• ABOUT THIS EXERCISE
Every line below must come back exactly as it stands, with the images omitted.

• Records drawn from a dataset
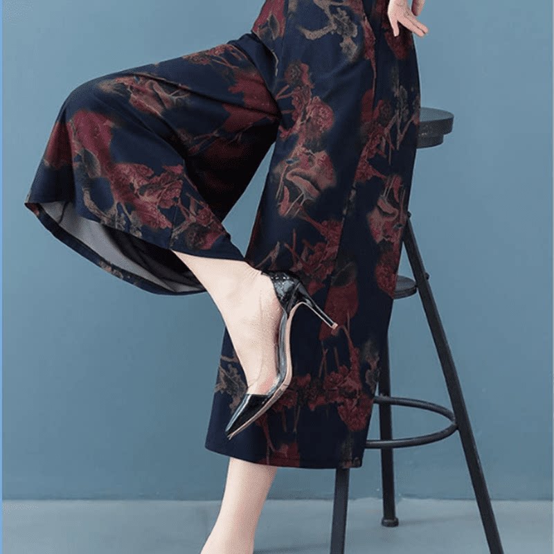 Тонкие летние штаны для матери, шелковая юбка, высокая талия, в западном стиле, цветочный принт
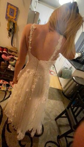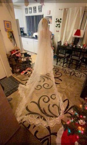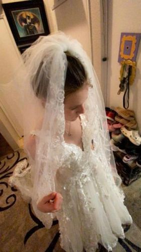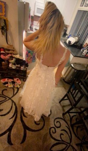I don't know the correct wording to describe wedding dresses but I can say this wedding dress is absolutely stunning. I work for a 2nd hand store and this dress was donated by a dry cleaners, no one came to pick it up in time. I saw it when it came in, it sat for a good week and since it didn't sell, I bought it because I would hate for this dress to just sit on a rack in a thrift store when it can be making a special woman feel like a princess on her wedding day. It is a ball gown style, with what appears to me as hand sewn embroidery and pearls. The fabric used is sturdy expensive fabric and lace, this dress is not going to be falling apart any time soon, that's for sure. It has a zipper to sip up the back, sewn-in cups and breast support. Veil is included also. It it has a long train and the same embroidery as the dress. If you have specific questions about it or want to come take a look at it, im fully available so just text/call me (657) 615-8202. Im asking $1000 or best offer. I have cash app and Venmo.
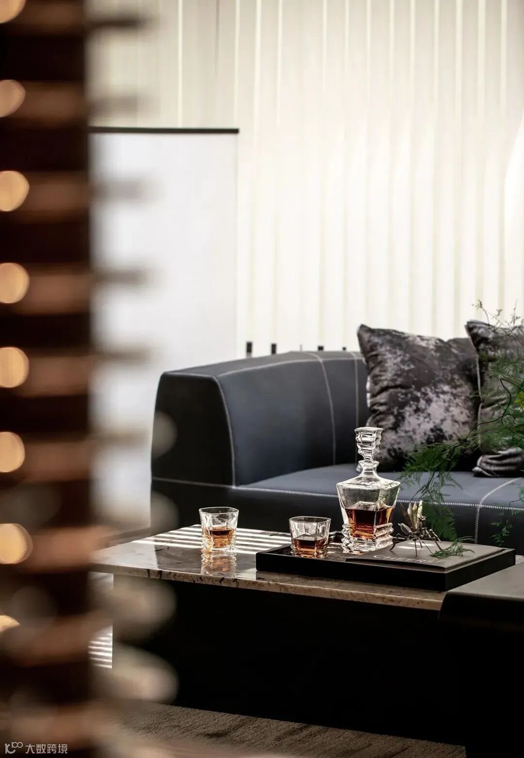 深色麂皮沙发,柔软而延展,空间硬朗的线条行到此处仿佛得以松弛。
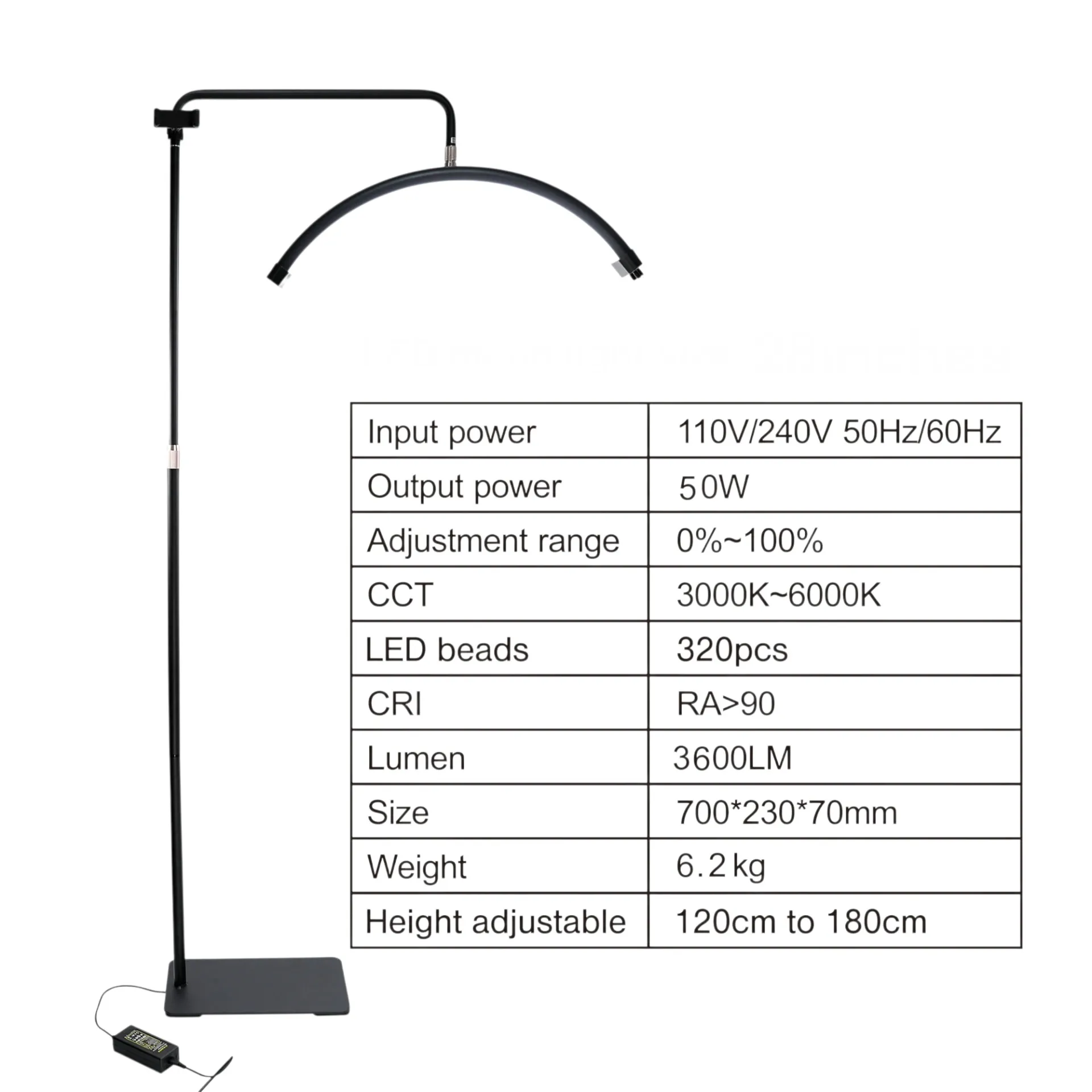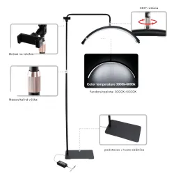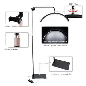 Съдържание на пакета : полукръгла лампа, стойка за телефон, адаптер със захранващ кабел, регулируем статив, основа за лампата
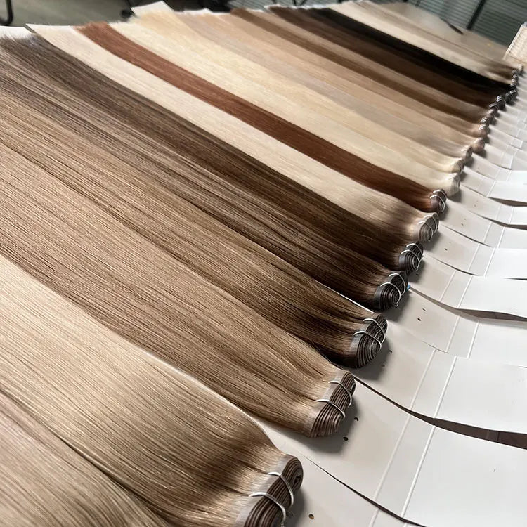 Luxurious Celebrity Choice Double Drawn Russian Slavic Cuticle Aligned Virgin Remy Machine Weft Hair Extensions
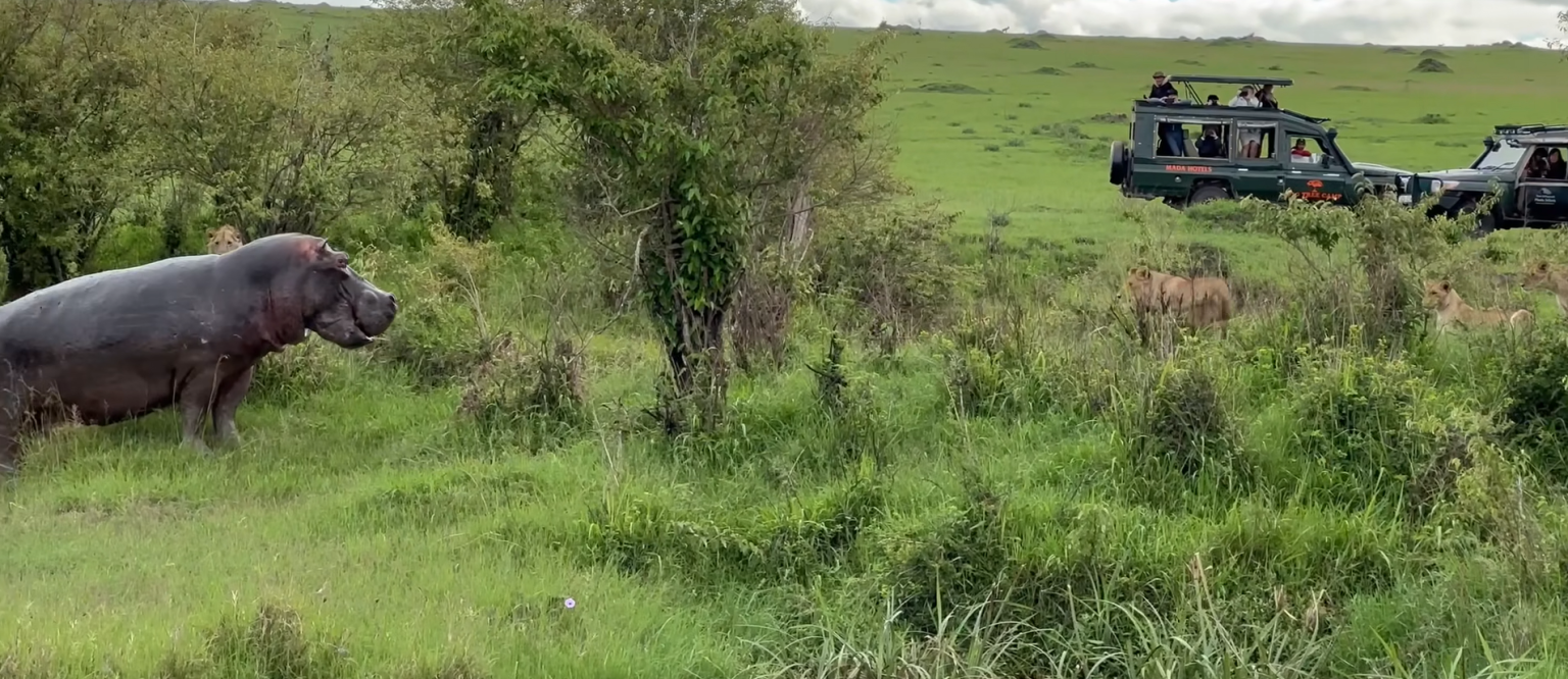 وأظهرت اللقطات مجموعة أسود تحاول التسلل إلى منطقة فرس النهر العملاق الذي انتفض بشكل مفاجئ ودفعهم للخوف والهرب منه.
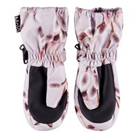 Light grey waterproof and breathable mittens with cat print, fleece lining and 3M™ Thinsulate™ insulation. The mittens have a reflector on the front, as well as elastic and adjustable velcro at the wrist. Note that the shaft on this model is slightly longer than on Mitzy, so that there is no opening at the jacket sleeve.
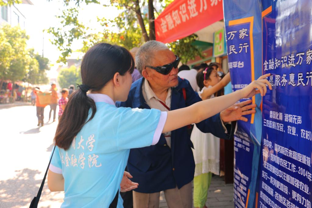 金融知识宣讲部分主要包括个人贷款业务、银行卡业务、金融风险防范,ATM机基本安全知识等板块。宣讲结束后,一位阿姨表示“感谢大家给我们带来了金融知识,你们要好好学习,争做祖国的人才”。随后的金融APP游园活动则将股票、手机购物、商业银行的APP操作流程制作成海报供乡民们参观。在这个过程中,一位老人虽然听力有限,但仍仔细聆听成员们的讲解。这让同学们在酷热天气依然保持活动的热情和积极性。而最后的金融知识灯谜则将整个活动推向了高潮。现场分为题目区、答案区、兑换区,三个区域环环相扣,以别样的活动方式普及了金融知识。

• TASK SOLUTION
 Тонкие летние штаны для матери, шелковая юбка, высокая талия, в западном стиле, цветочный принт
I don't know the correct wording to describe wedding dresses but I can say this wedding dress is absolutely stunning. I work for a 2nd hand store and this dress was donated by a dry cleaners, no one came to pick it up in time. I saw it when it came in, it sat for a good week and since it didn't sell, I bought it because I would hate for this dress to just sit on a rack in a thrift store when it can be making a special woman feel like a princess on her wedding day. It is a ball gown style, with what appears to me as hand sewn embroidery and pearls. The fabric used is sturdy expensive fabric and lace, this dress is not going to be falling apart any time soon, that's for sure. It has a zipper to sip up the back, sewn-in cups and breast support. Veil is included also. It it has a long train and the same embroidery as the dress. If you have specific questions about it or want to come take a look at it, im fully available so just text/call me (657) 615-8202. Im asking $1000 or best offer. I have cash app and Venmo.
 深色麂皮沙发,柔软而延展,空间硬朗的线条行到此处仿佛得以松弛。
 Съдържание на пакета : полукръгла лампа, стойка за телефон, адаптер със захранващ кабел, регулируем статив, основа за лампата
 Luxurious Celebrity Choice Double Drawn Russian Slavic Cuticle Aligned Virgin Remy Machine Weft Hair Extensions
 وأظهرت اللقطات مجموعة أسود تحاول التسلل إلى منطقة فرس النهر العملاق الذي انتفض بشكل مفاجئ ودفعهم للخوف والهرب منه.
 Light grey waterproof and breathable mittens with cat print, fleece lining and 3M™ Thinsulate™ insulation. The mittens have a reflector on the front, as well as elastic and adjustable velcro at the wrist. Note that the shaft on this model is slightly longer than on Mitzy, so that there is no opening at the jacket sleeve.
 金融知识宣讲部分主要包括个人贷款业务、银行卡业务、金融风险防范,ATM机基本安全知识等板块。宣讲结束后,一位阿姨表示“感谢大家给我们带来了金融知识,你们要好好学习,争做祖国的人才”。随后的金融APP游园活动则将股票、手机购物、商业银行的APP操作流程制作成海报供乡民们参观。在这个过程中,一位老人虽然听力有限,但仍仔细聆听成员们的讲解。这让同学们在酷热天气依然保持活动的热情和积极性。而最后的金融知识灯谜则将整个活动推向了高潮。现场分为题目区、答案区、兑换区,三个区域环环相扣,以别样的活动方式普及了金融知识。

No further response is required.